EXERCISE BRIEF >> Your copy of the data below must be exact and must leave out all pictures.

MATERIAL PROVIDED >>
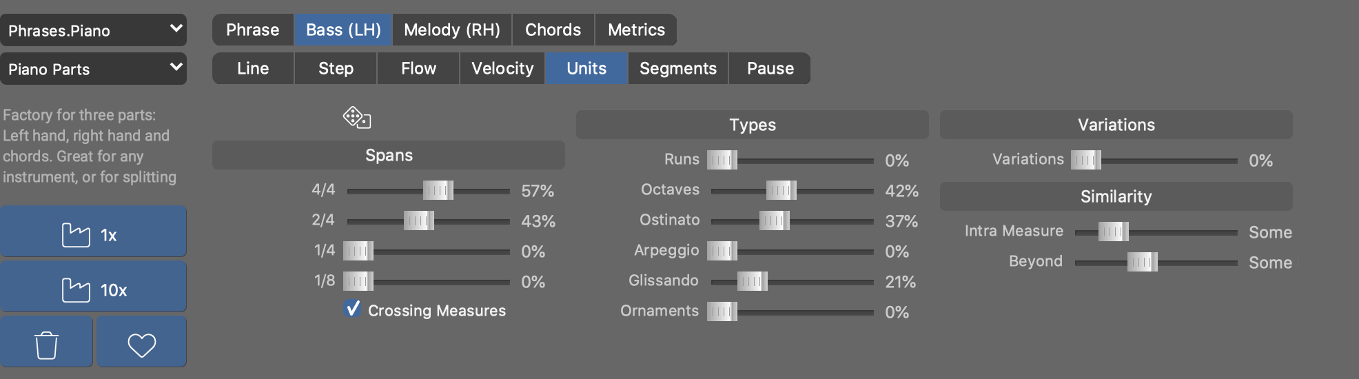 Wähle eine Factory aus den Aufklappmenüs aus, um neue Phrasen zu erzeugen, oder wähle eine bereits erzeugte Phrase aus, um ihre ursprünglichen Werkseinstellungen wieder aufzurufen. Jede erzeugte Phrase ist im Grunde eine neue Factory, von der du weitere Variationen erzeugen oder ihre Einstellungen ändern kannst, um eine neue Reihe von verschiedenen Phrasen zu erzeugen.
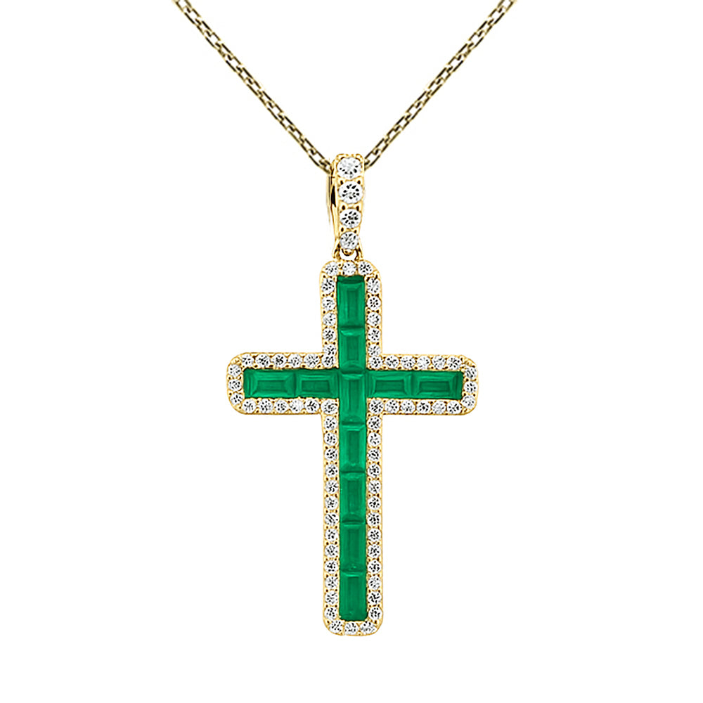SPECIAL!1.09ct G SI 14K Yellow Gold Diamond & Emerald Gemstone Cross Pendant 18" Long
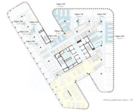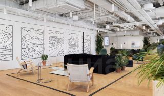 Общие зоны на этаже - ресепшн, переговорные комнаты, оборудованная кухня и зона приема пищи, гардеробная, мягкая зона отдыха.

SOLUTION FOR THIS PROBLEM >>
 Wähle eine Factory aus den Aufklappmenüs aus, um neue Phrasen zu erzeugen, oder wähle eine bereits erzeugte Phrase aus, um ihre ursprünglichen Werkseinstellungen wieder aufzurufen. Jede erzeugte Phrase ist im Grunde eine neue Factory, von der du weitere Variationen erzeugen oder ihre Einstellungen ändern kannst, um eine neue Reihe von verschiedenen Phrasen zu erzeugen.
SPECIAL!1.09ct G SI 14K Yellow Gold Diamond & Emerald Gemstone Cross Pendant 18" Long
 Общие зоны на этаже - ресепшн, переговорные комнаты, оборудованная кухня и зона приема пищи, гардеробная, мягкая зона отдыха.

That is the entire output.